Telemetry Generation 


Function. The telemetry generation module serves two purposes in the fault 
handling system: 1) it computes telemetry values displayed for the user, and 

2) it creates a qualitative difference list for the exposure module as 
described below. 

There are four types of values representing the state of the hydrazine 
propulsion system: 1) telemetry values, 2) expected values, 3) actual values, 

and 4) qualitative values. Telemetry values : these are the values which are 

normally shown to ground control monitors. These values represent the state 
of the system as reported by the sensors aboard the spacecraft (whether these 
sensors are functioning properly or not). Expected values : these are values 

that would appear in the telemetry stream if all the components making up the 
system were functioning normally. Actual values : the actual values represent 

the true state of the system. The actual values are only used by the 
telemetry generation module. Qualitative values : these are derived from the 

telemetry values and the expected values.
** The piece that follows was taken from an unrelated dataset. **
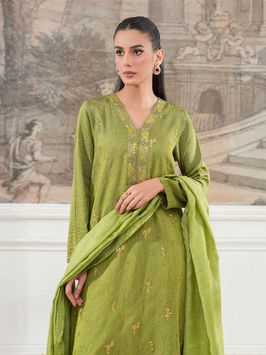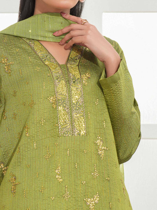 3 Piece Raw Silk Suit-Embroidered (Unstitched)

If the telemetry value for a 
component is greater that its expected value, then the qualitative value for 
this component is the value +1. However, if the telemetry value is lower than 
the expected value for a component, the component is assigned the qualitative 
value of -1. 

Call structure . The telemetry generator is called by the executive module. 

The telemetry generation module is passed a list of commands (HPS components 
and commanded states for these components). There may be, for example, a 
command to open latch valve three. This command information allows the 
telemetry generation module to produce telemetry reflecting the current state 
of the HPS. 

The telemetry generation module calls the I/O module which updates the 
telemetry displayed for the user. The changed telemetry values presented to 
the user reflect changes in the system as a ground station would see them. 

Once the I/O module updates the telemetry values on the user's display, it 
returns control to the telemetry generation module. 

The telemetry generation module returns a list of qualitative differences to 
the executive module. This list of qualitative differences is not the 
complete list for the system, but rather the list of telemetry values which 
differ from their expected values.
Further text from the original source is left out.